READoc: A Unified Benchmark for Realistic Document Structured Extraction
This addresses the problem of fragmented benchmarks for researchers in document AI, though it is incremental as it builds on existing DSE tasks.
The paper tackles the lack of unified evaluation for Document Structured Extraction (DSE) systems by introducing READoc, a benchmark derived from 3,576 real-world documents, and identifies gaps in current approaches through a comprehensive evaluation suite.
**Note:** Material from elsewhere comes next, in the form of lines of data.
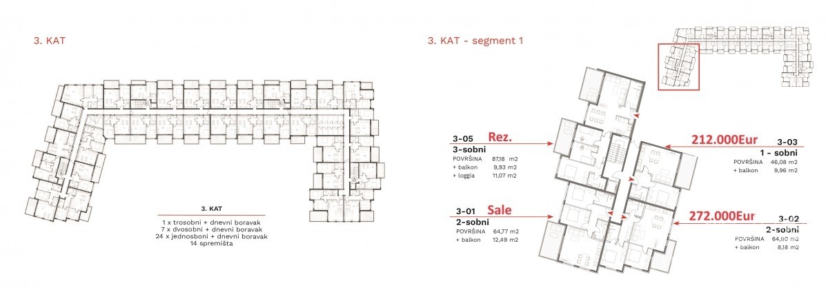 U nastavku možete pregledati slike zgrade zajedno s tlocrtima koji ističu odgovarajuće cijene pojedinih stanova.
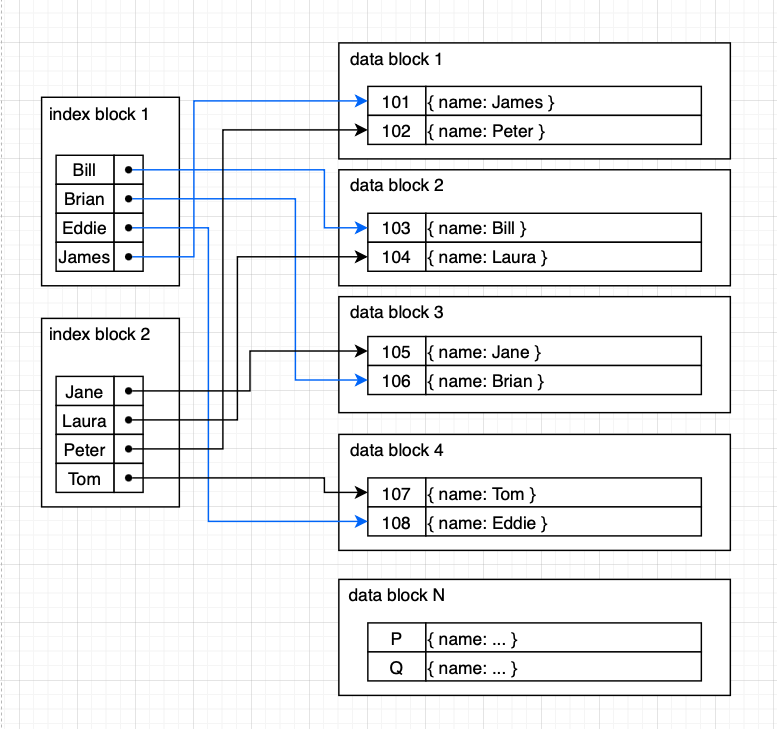 name이 Jane인 학생을 찾는 과정은 id=105로 Jane을 찾는 것과 비슷하다. 하지만 ASCII Code, 알파벳 순서대로 Bill~James의 범위의 레코드를 가져오려면 index block1로부터 data block1, data block2, data block3, data block4를 모두 읽어야 하므로 그림상 I/O가 5~6번 정도 발생할 것임이 보인다. 이처럼 범위로 데이터를 검색하는 경우는 clustered index에 비해 불리하고, 모든 data의 entry에 대해 색인을 갖고 있어야 해서 더 많은 공간을 차지하게 된다.
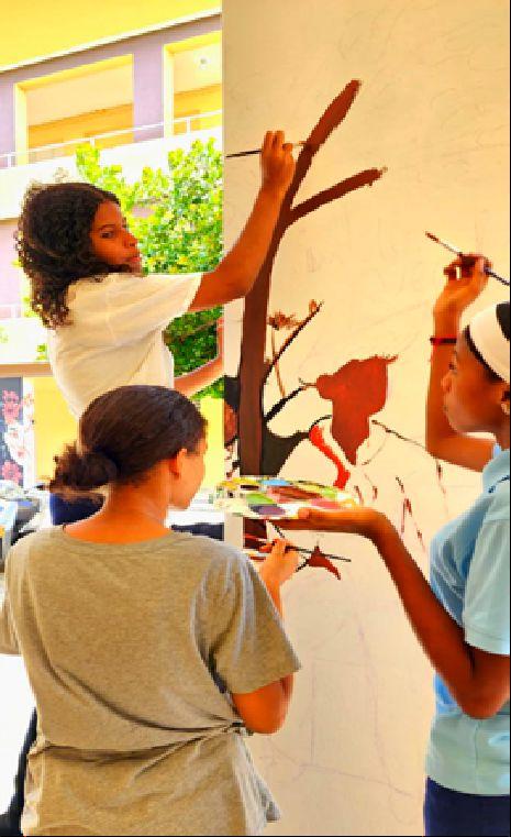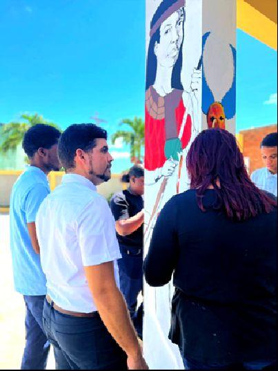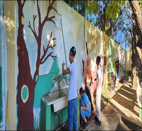En el Liceo Francisco Gregorio Billini, los estudiantes de artes visuales están llevando a cabo la restauración de murales, embelleciendo los espacios del centro educativo Por otro lado, en instituciones como Díaz Melo & Asociados-Arquitectos, la O cina de Ingeniero y Arquitecto Ubrí y el Ayuntamiento Municipal de Baní, los jóvenes aplican sus habilidades en dibujo arquitectónico, adquiriendo experiencia práctica en el campo de la arquitectura y el diseño.

Document Structured Extraction (DSE) aims to extract structured content from raw documents. Despite the emergence of numerous DSE systems, their unified evaluation remains inadequate, significantly hindering the field's advancement. This problem is largely attributed to existing benchmark paradigms, which exhibit fragmented and localized characteristics. To address these limitations and offer a thorough evaluation of DSE systems, we introduce a novel benchmark named READoc, which defines DSE as a realistic task of converting unstructured PDFs into semantically rich Markdown. The READoc dataset is derived from 3,576 diverse and real-world documents from arXiv, GitHub, and Zenodo. In addition, we develop a DSE Evaluation S$^3$uite comprising Standardization, Segmentation and Scoring modules, to conduct a unified evaluation of state-of-the-art DSE approaches. By evaluating a range of pipeline tools, expert visual models, and general VLMs, we identify the gap between current work and the unified, realistic DSE objective for the first time. We aspire that READoc will catalyze future research in DSE, fostering more comprehensive and practical solutions.